It’s been striking just how many footballers from the English Premier League we spotted playing in this summer’s UEFA Euro competition. Among Spain’s champions celebrating yesterday were Player of the Tournament Man City’s Rodri, Chelsea’s Marc Cucurella, and Arsenal goalkeeper David Raya. The astonishing numbers of prem players in the tournament are a testament to the development of the global transfer markets plus just how successful the Premier League is.
According to the Premier League, a total of 104 players currently gracing the league represented their nations in the tournament in Germany. The England squad obviously had the most Premier League players. All but two of Gareth Southgate's squad are on the 2024/25 books of Premier League clubs. Portugal and Denmark were next: each with 11 Premier League players, followed by Belgium, with 10. Only three of the 24 competing nations had no Premier League footballers in their squads.
Premier League champions Manchester City had the most footballers in the tournament: 14 representing seven different nations. Arsenal came a close second with 11 players in nine squads. There was only one 2024/25 Premier League team with nobody playing in the Euros, and that is newly promoted Ipswich Town.
Football immigration trends
The International Centre for Sports Studies Football Observatory follows the global mobility of footballers, providing a fascinating current snapshot of the latest footballer immigration trends.
The Football Observatory found that immigrant footballers played 63.05 per cent of all footballing minutes this season in England’s Premier League. Surveying 135 elite football leagues around the world, there were only four leagues where expat players played a bigger role - three in the Mediterranean, followed by another in Great Britain.
Among the top leagues with the most football immigration, immigrant footballers accounted for 78.33 per cent of minutes played in the Cyprus First Division; 71.11 per cent of football played in Turkey’s Süper Lig, 70.56 per cent of play in Greece’s Super Lig 1 and 65.89 per cent in the Scottish Premiership.
Expat players played just 43.42 per cent of football in the Netherlands Eredivisie and account for 39.1 per cent of minutes played in La Liga in Spain, incidentally, which is around the average amount for the football leagues studied.
The country with least immigrants playing topflight football was yesterday’s Copa America finalist Colombia (11 per cent). Argentina who won the cup for the sixteenth time is the fourth lowest with just 13.75 per cent of play in its Primera División by immigrant footballers. Ukraine, understandably, had the lowest immigrant contribution in Europe (13.37 per cent of football played in its top league).

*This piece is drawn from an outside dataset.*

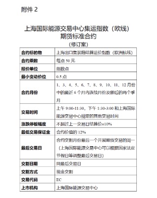 据上期所官网1月16日消息,上海国际能源交易中心发布关于《上海国际能源交易中心集运指数(欧线)期货标准合约》(修订案)的公告,内容为: 《上海国际能源交易中心集运指数(欧线)期货标准合约》(修订案)经上海国际能源交易中心董事会审议通过,并已报告中国证监会,现予以发布。合约月份的调整自2026年2月10日(周二)起实施。最小变动价位的调整自2026年5月11日(周一)起实施。

The big football exporters
There were three top nations which together accounted for over 22.4 per cent of footballer exports last season. 1,338 players emigrated from five-times World Cup champions Brazil, followed by the last two World Cup winners: 1,091 from France and 995 players from Argentina. This, the Football Observatory insists is a testament to the established football development systems in these countries, as well as growing international transfer networks.

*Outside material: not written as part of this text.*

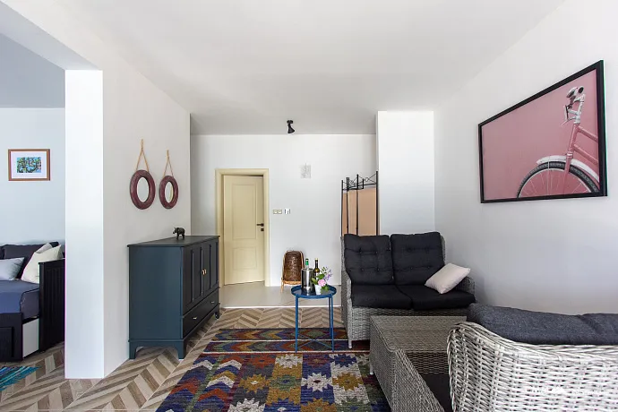 Each floor of the villa has a separate entrance and a terrace, allowing it to be used not only as a private residence but also for seasonal rentals. The property has undergone a complete renovation, with environmentally friendly materials used for the repairs. New facade, sewage/water pipes, internal eco-plaster, underfloor heating on the first floor, power cables, aluminum windows, a water reservoir, and a water pump have been installed.

The greatest increase in footballer emigration from May 2020 to May 2024 occurred in the winners of the last two World Cups: 274 more players from France and an increase of 220 footballers leaving Argentina. England came third, with 586 players now expats in other countries – up 141 from 445 in 2020. This is a great sign of the growing strength of talent development and the transfer business in the UK.
The migration behind Euro success
As in every recent tournament you may have seen viral memes of how small England’s current UEFA Euro 24 squad would look without immigration. The same can be said for many of the other national teams too. Immigration has enriched the Premier League unfathomably. Despite the pandemic, despite Brexit’s end to free movement between the UK and Europe making it harder to source players under the age of 18, the Premier League continues to break transfer records and attract the best footballing talent from around the world.
According to Transfermarkt, the Premier League is by far the biggest soccer stage in the world, commanding a £9.71 billion market value from its 20 clubs, with the next most valuable, Spain’s La Liga worth £4.2 billion.
What any of this tells us about the path to the Euro final, I’m not sure. You will have drawn your own conclusions about how tough or easy England and Spain’s routes to the final were. But one thing is for sure, without the global mobility of footballers adding to the experience and coaching players are exposed to they would have been a lot more difficult.